#### PROVIDED ENTRIES:
--

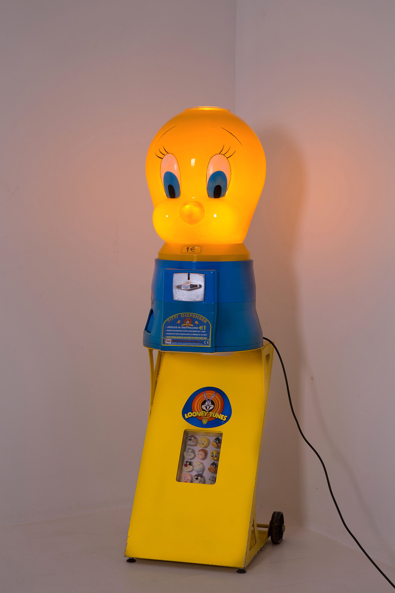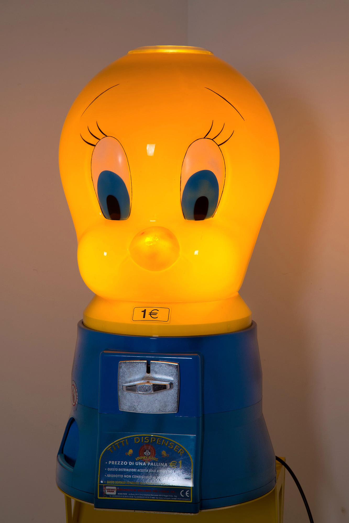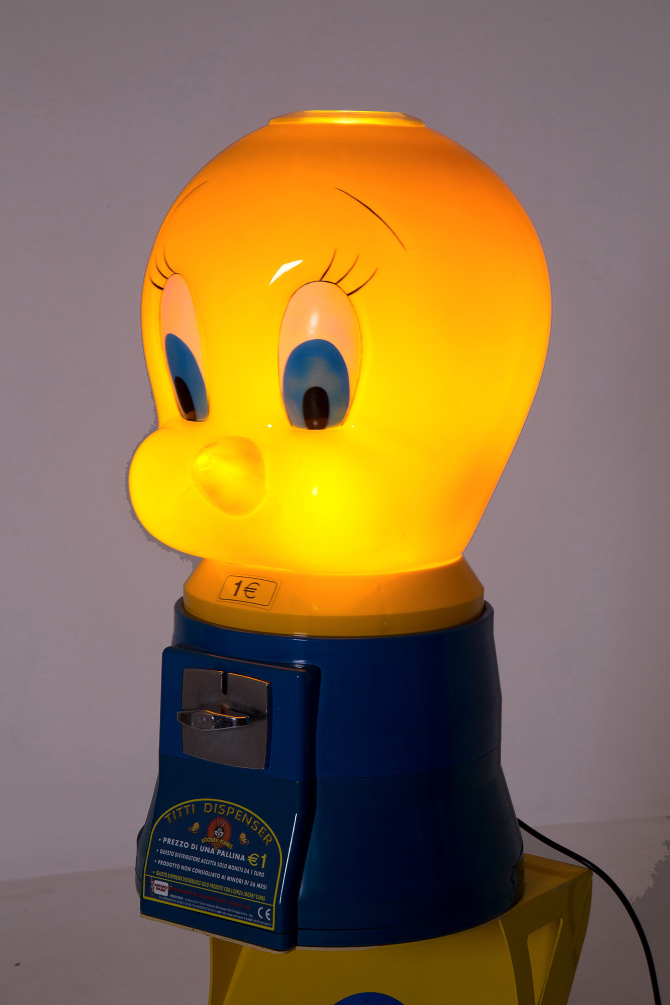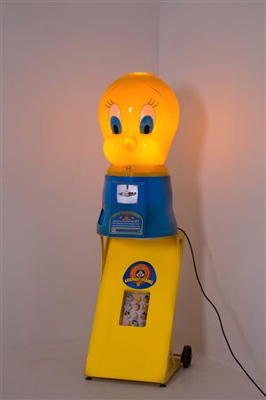 Vending machine transformed into a lamp in plastic and metal depicting "TITTI" with lighting on the coin acceptor. 142x45 cm approx. Distributore automatico trasformato in lampada in materiale plastico e metallo raffigurante "TITTI" con accensione sulla gettoniera. 142x45 cm ca.
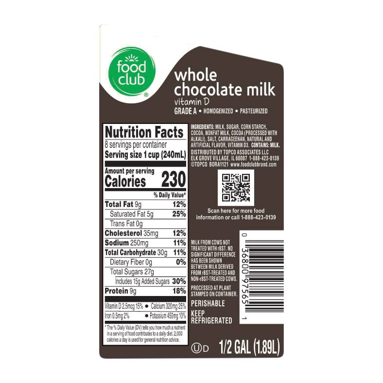 LACTAID® Chocolate Milk | LACTAID® This chocolate milk, has the right amount of chocolate flavor ~ not overpowering at all. It contains calcium, protein, potassium, vitamin A and D. This drink is very tasty and does not cause me any bloating or discomfort afterwards 🎉. The only CON is that it tends to be expensive. Originally posted on influenster.com ★★★★★ ★★★★★ evguenia Reduced Sugar* Low Fat Chocolate Milk Jug | McDonald's There are 130 calories in a Reduced Sugar Low Fat Chocolate Milk Jug from McDonald's. Order one from our full menu in the app using contactless Mobile Order & Pay ^ with Curbside pickup. *25% less sugar than leading Quick Service Restaurants' low fat chocolate milk. 14g of sugar vs. avg. 23g at leading Quick Service Restaurants Chocolate Milk Nutrition Information | livestrong The USDA notes that, apart from calcium, 1 cup of chocolate milk has 149 calories and offers 7.99 grams of protein, 2.5 grams of fat, 24 grams of carbs (of which 22.01 grams are from sugar), 420 milligrams of potassium, 130 milligrams of sodium, 499 milligrams of vitamin A and 101 milligrams of vitamin D. The Calorie Content Of School Chocolate Milk | Nunu Chocolates A school chocolate milk typically contains between 130 and 150 calories. The number of calories in a school chocolate milk can vary depending on the brand, the size of the milk, and whether or not it is made with whole milk or skim milk. The calories in a single serving of Lowfat Chocolate Milk are 158….
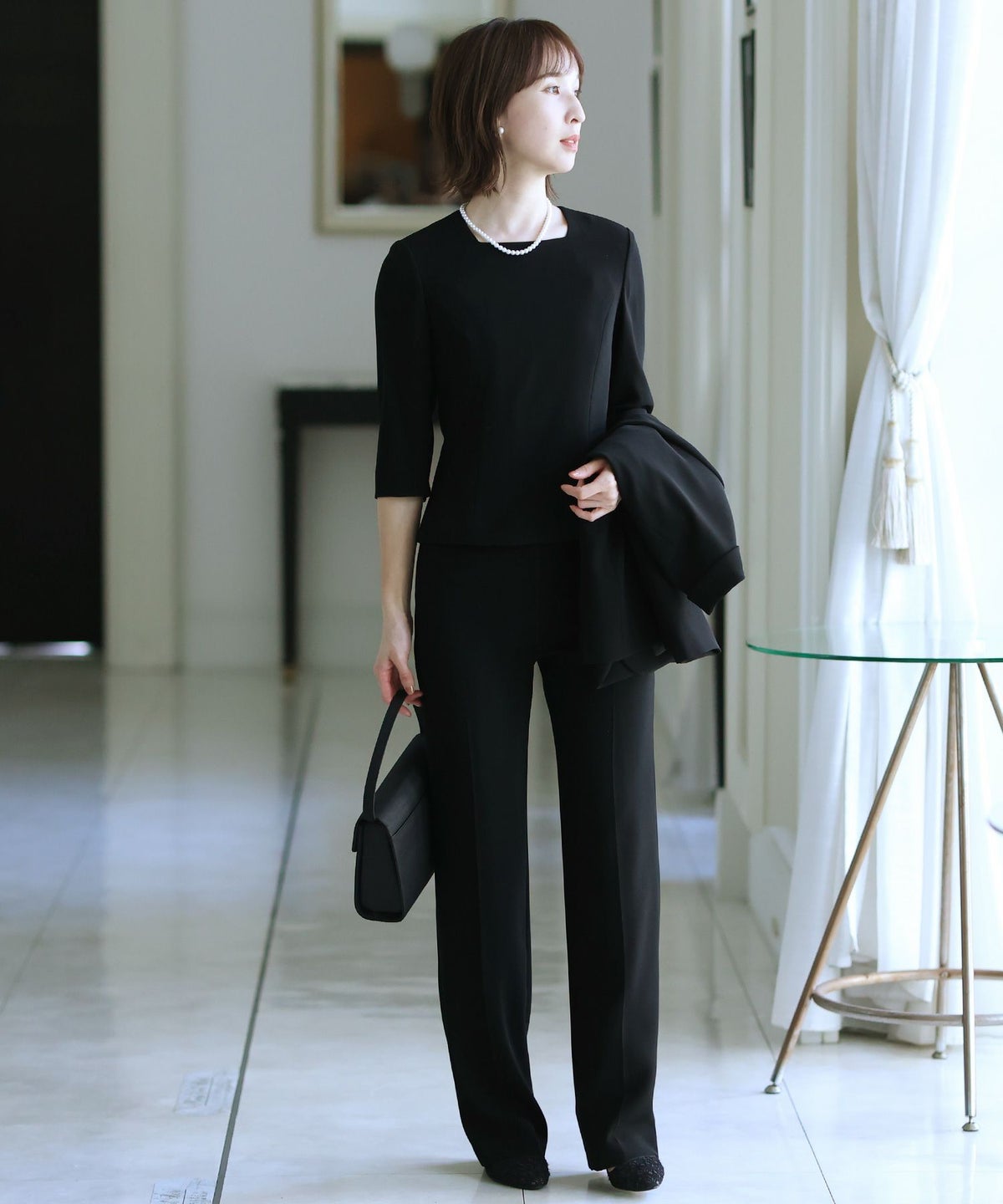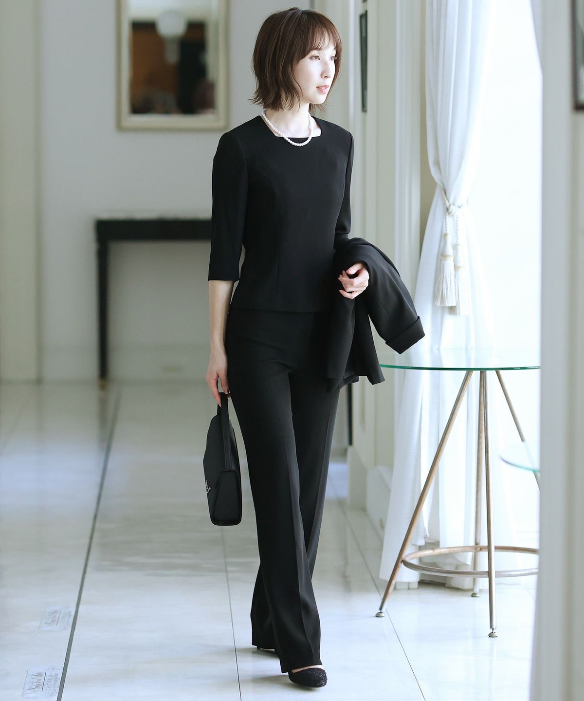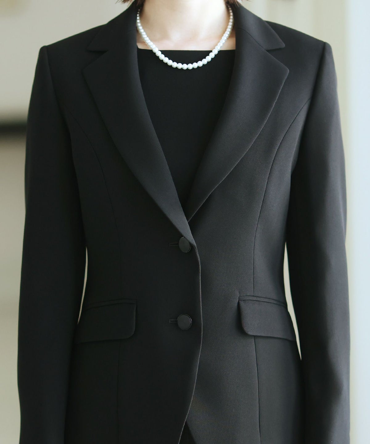 ハリ感ある生地がきちんとした印象高めるフォーマルスーツ。
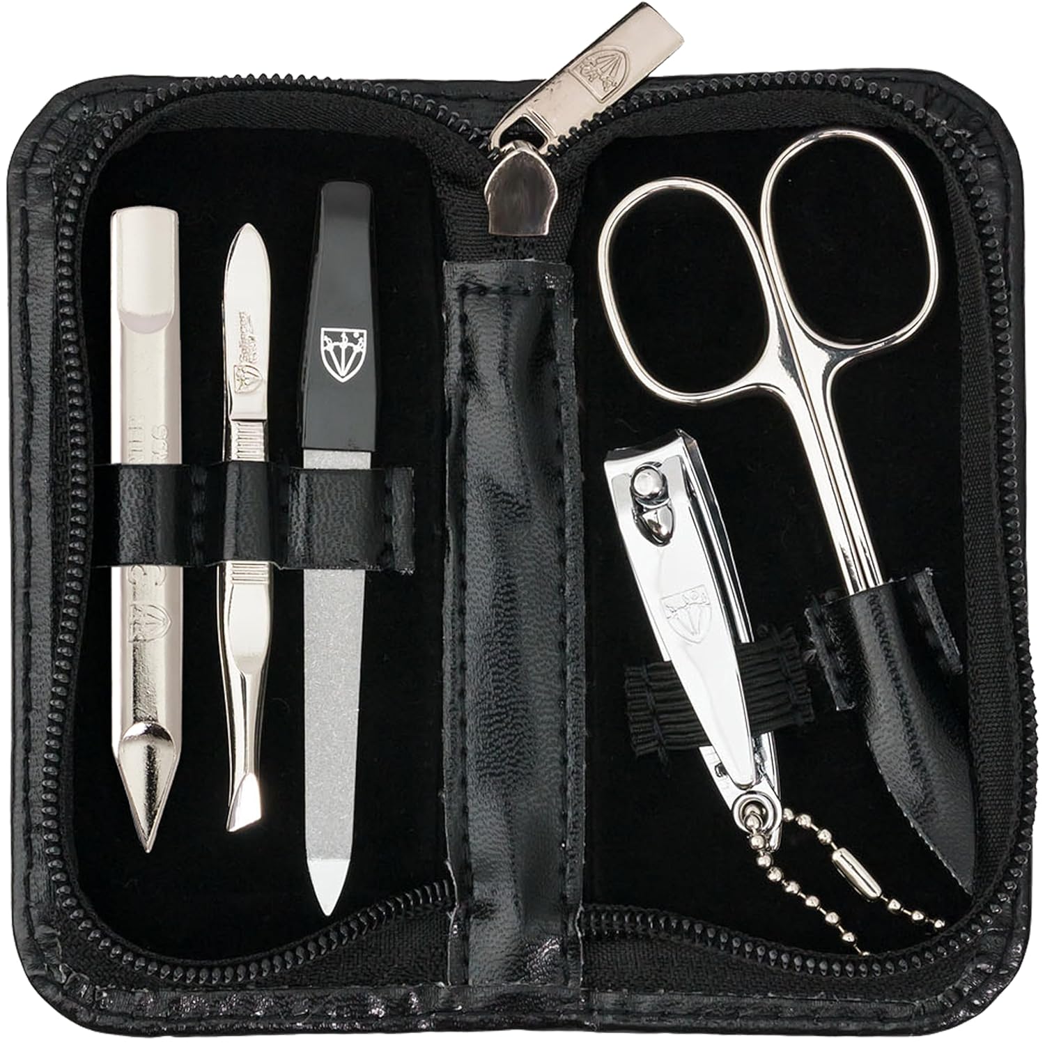 - STEEL IMPLEMENTS: Hand made, bright nickel plated (protection against corrosion), polished and hardened. All sets come in an attractive gift box. Instruments are made in Solingen / Germany (except nail clippers).
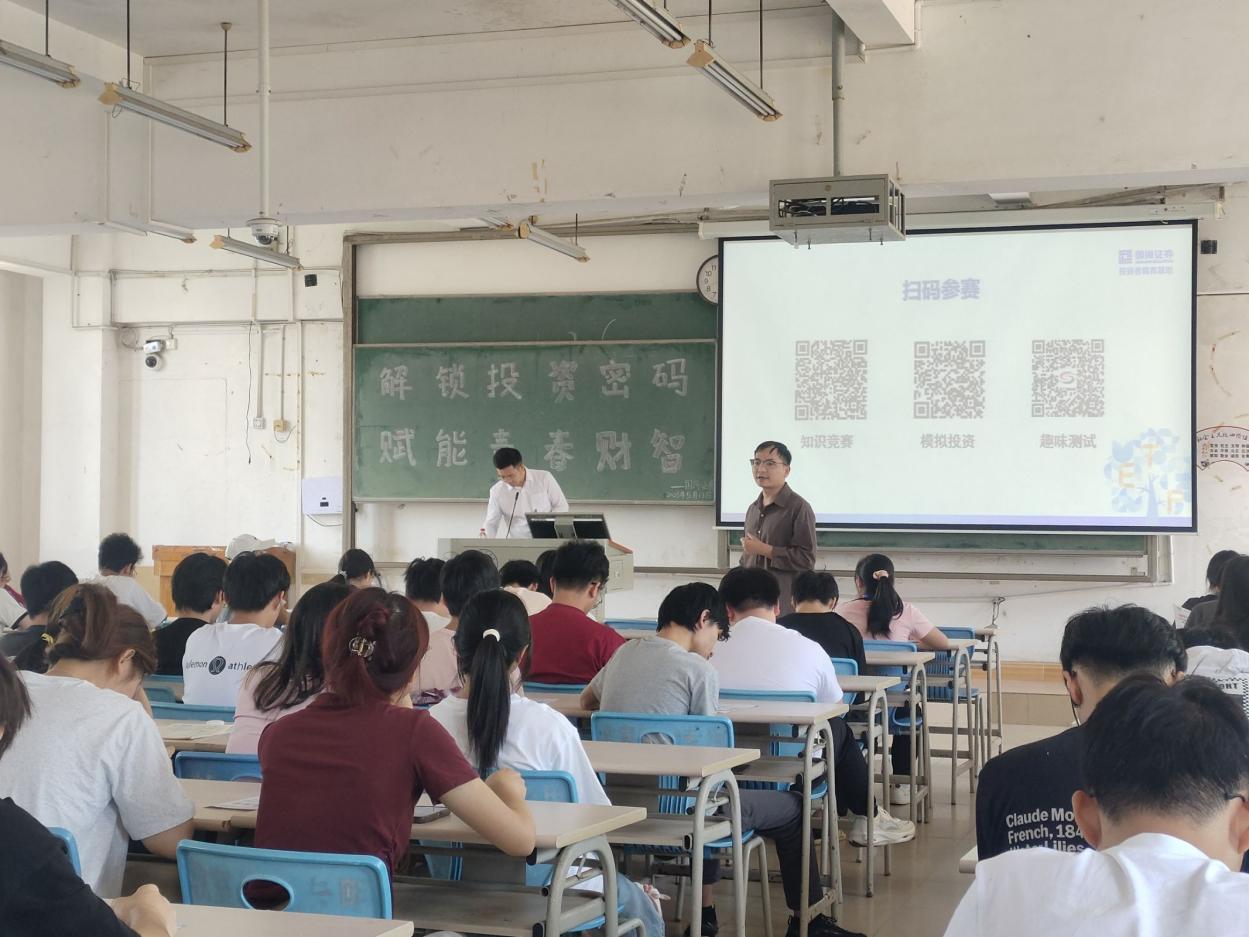 5月13日下午,经济与管理学院在文昌校区第四教学楼4C501教室举办“解锁ETF投资密码,赋能青春财智”金融知识讲座。国海证券投资者教育讲师李名明担任主讲,学院团委副书记廖万忠主持,学院100多名学生参加。

--

#### WHAT THIS TASK INVOLVES:
Reproduce exactly, and only, the lines that begin at the one containing "- STEEL IMPLEMENTS: Hand" and end with the final line of the data, both included, while omitting every picture.

#### RESULT OF THIS TASK:
 - STEEL IMPLEMENTS: Hand made, bright nickel plated (protection against corrosion), polished and hardened. All sets come in an attractive gift box. Instruments are made in Solingen / Germany (except nail clippers).
 5月13日下午,经济与管理学院在文昌校区第四教学楼4C501教室举办“解锁ETF投资密码,赋能青春财智”金融知识讲座。国海证券投资者教育讲师李名明担任主讲,学院团委副书记廖万忠主持,学院100多名学生参加。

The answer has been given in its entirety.